Although veteran Campbell River politician John Duncan has learned that an election race is “not over until it’s over,” he appears to have finally prevailed over NDP challenger Ronna-Rae Leonard.

With only a handful of polls left to report, the City of Courtenay councillor and first-time federal candidate said she had phoned to congratulate her Tory counterpart.

In yet another nail-biting Vancouver Island North tussle between the Conservatives and NDP, Duncan had 25,832 votes with just three polls still to report. He held a 1,330-ballot lead, his largest margin of Monday evening.

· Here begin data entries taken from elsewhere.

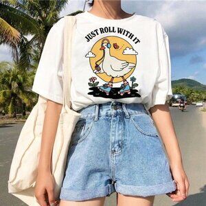 Cute Goose Tshirt, Postive Quote Tee, Trendy Just roll with it T-shirt
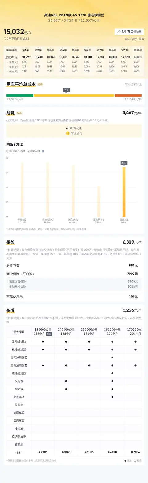根据估算,这辆车年均综合用车成本大概在每年1.5万元左右。油费约6611元/年,保险费用参考值为5530元/年,保养费用约为1111元/年,实际费用根据用车情况而定。
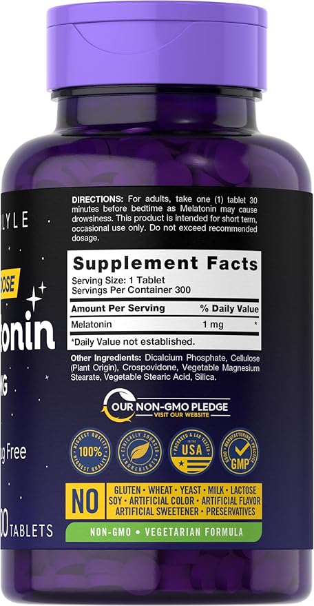 Carlyle Melatonin 1 mg | 300 Low Dose Tablets | Drug Free Aid | Vegetarian, Non-GMO, Gluten Free
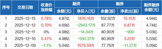 彩虹股份:融资净买入1876.16万元,融资余额4.87亿元(12-15)
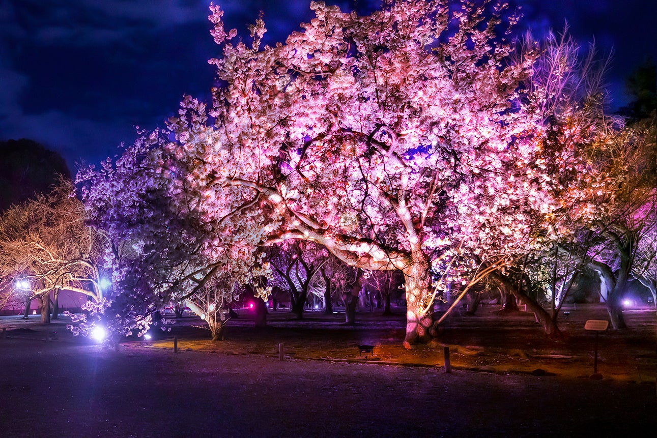 和楽器が奏でる優美な音楽とフローラルなアロマの香りに包まれる空間で、多様な品種の桜を楽しめるライトアップ。ライトアップの色が変化する演出とともに、その時だけの桜に出会えます。
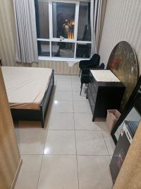 غرفة ماستر بحمام داخلي خاص وثلاجة بكورنيش عجمان النخيل 2 صف أول من الكورنيش اطلالة بحرية مباشرة سكن ميكس لزوجين أو بنت أو بنتين أو شاب أو شابين السعر 2300 درهم
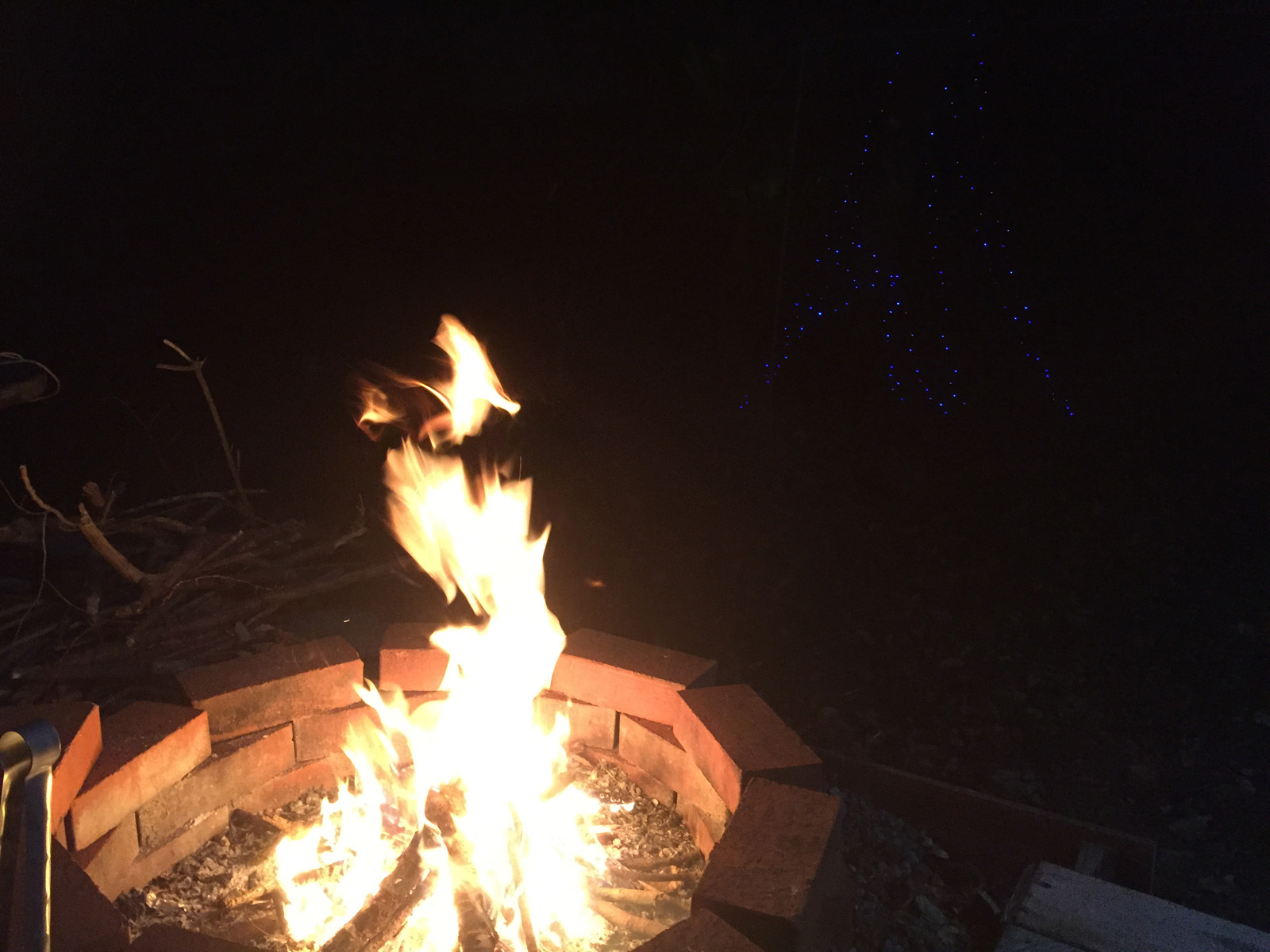 奥にイルミネーションも点灯しつつ、今夜も焚き火ッチャいましたぁ//
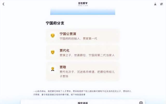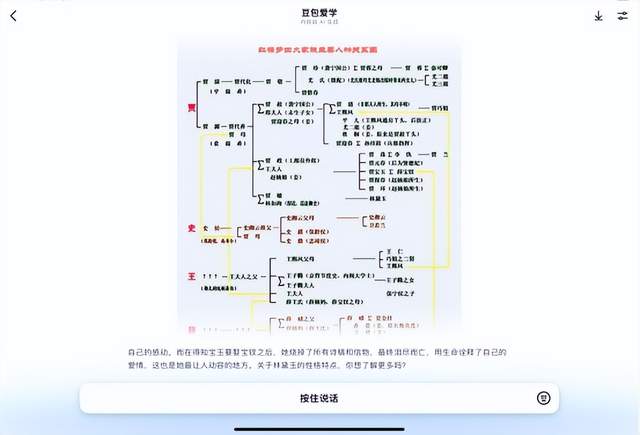 当孩子把《红楼梦》人物关系这个问题抛给豆包爱学,豆包一边开始娓娓道来,用语音讲解里面的人物关系,一边在屏幕上开始展示全人物关系结构图、各府分支等。

Not much earlier, Duncan was hesitant to claim victory at his Comox Valley election night headquarters at a Courtenay restaurant. That’s perhaps a lesson he learned in winning two of three close battles with former Vancouver Island North NDP candidate Catherine Bell.

With a win Monday, Duncan has won the seat in the sprawling, sparsely populated riding in six of the past seven elections. He recaptured the right to be an MP in 2008, defeating Bell 26,166 to 23,681 votes and taking the final installment in their electoral rubber match.

In what quickly had become a two-person race, Duncan held 45.8 per cent of the riding’s popular vote, with Leonard at 43.4 with 295 of 298 polls reporting.

Third-place Sue Moen of the Green Party continued to hold a narrow lead over Liberal Mike Holland, reflecting the Liberals’ collapse nationally. After 295 polls reported, Moen had 2,873 ballots, compared to 2,854 for Holland.

Independent Jason Draper and Frank Martin of the Marxist-Leninist Party trailed with 279 and 53 votes respectively.

Even without Vancouver Island North, the Conservatives won the majority government leader Stephen Harper asked for, leading or elected in 166 of 308 ridings with 39.6 per cent of the popular vote. The NDP held onto the momentum they gained in the final two weeks of the campaign and were leading in 102 seats with 30.7 per cent of the popular vote.

The Liberals and Bloc Quebecois suffered embarrassing setbacks, with the once-mighty Liberals ahead in just 35 seats and the BQ leading in a mere four seats.

Green Party national leader Elizabeth May became the first Green elected in North America.